И кто же это все запустил, и зачем? А роман Бушкова вспомнился – где начальник службы безопасности какой-то фирмы разбирается, новый киоск у проходной – это слежка чужой Конторы, или конкурентов, или в самом деле торгаши. И посылает своих гоблинов самого бандитского вида наехать на продавца – «меня интересует лишь его реакция, что он скажет и кем будет прикрываться». И если здесь кто-то решил узнать, кто же такая Лазарева и ее будто бы случайно встреченные «фронтовые друзья»? Бандеры или первый? Вот что-то мне кажется – невыгодно Кириченко открыто ссориться с Москвой, если даже и он по дури послал, то раздувать не будет и от всего отопрется. А вот Кук – тот вполне мог иметь своего человека и в прокуратуре!
То есть это все же могут быть и переодетые бандеры. А значит, никуда нам идти, ехать, а тем более разоружаться – нельзя! Паранойя иногда очень способствует выживанию. Валить, что ли, придурков, хоть они, возможно, свои? А комендантские подходят от двери с ленцой, не спеша. Привлеченные лишь затем, что, по закону, военные, то есть мы, не в компетенции ментов, ну если только с поличным на месте преступления не застали. Вот только если я прав, то прокурорские задачу ставили ментам, а уж те привлекли комендачей, объяснив им ситуацию лишь в общих чертах. Потому комендачи рвением и не блещут: мы для них более «свои», чем милиция. На чем и сыграем.
– Ты сначала гавриков своих убери, – говорю я, – и пусть за стволы не хватаются, не поможет!

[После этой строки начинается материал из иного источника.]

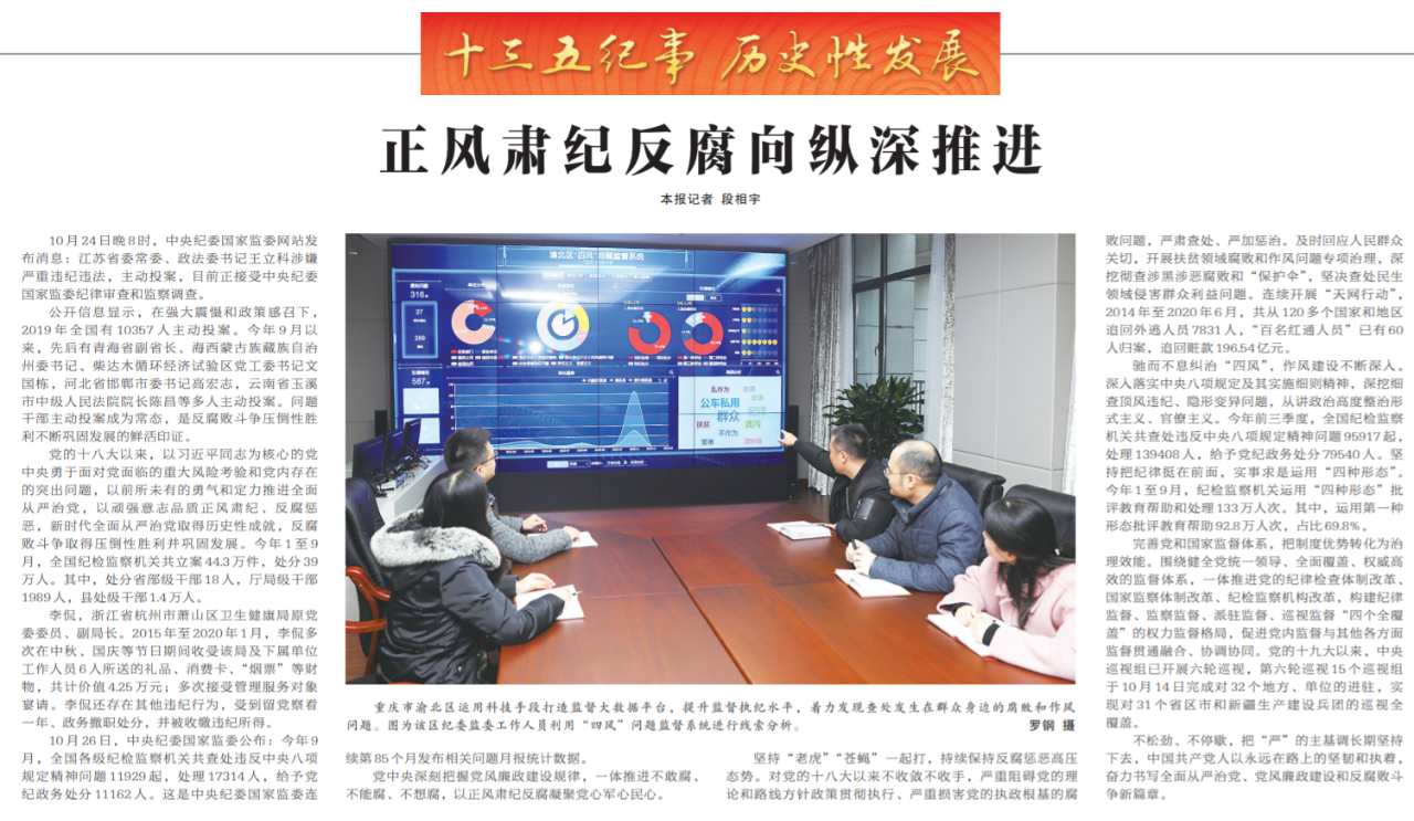 ●今天出版的中国纪检监察报头版头条以《推动实现历史性跨越》为题,报道了各级纪检监察机关聚焦“十三五”规划实施情况强化政治监督的相关举措。目前,“十三五”规划实施顺利,重大战略任务和165项重大工程项目全面落地见效,规划确定的各项目标任务即将胜利完成

И достаю из-под салфетки… Миг – и у пуза урки, или старшего мента, моя левая рука, сжимающая гранату Ф-1. А выдернутое кольцо у меня в правой, бросаю на стол. Краем глаза замечаю, что комендачи так же неспешно, не показывая страха, оттягиваются назад к дверям. Понимаю ход их мыслей: «Этого сумасшедшего после под трибунал, ну а нам в чужом пиру похмелье – нехай милиция сама разбирается».
– Ты это не дури, майор, – говорит урка, на вид не испугавшись, – люди тут. Если что хочешь сказать – давай поговорим.
Комендантские исчезают за дверью. Может, они и вернутся с подмогой – но несколько минут у нас точно есть. У Лазаревой глаза плошками, на меня смотрит, как на психа. А вот Валька, кажется, понял. Лючия нет, но она убеждена, что если я так делаю, то это надо. И за соседними столиками движение – людей в ресторане не слишком много, но под осколки попадать никому не хочется, народ за войну всякое успел повидать, и что такое «фенька» знает.
– Поговорим, – соглашаюсь, – товарищ Ольховская (тьфу, чуть не ляпнул «Лазарева» не при своих), у вас есть что ему сказать?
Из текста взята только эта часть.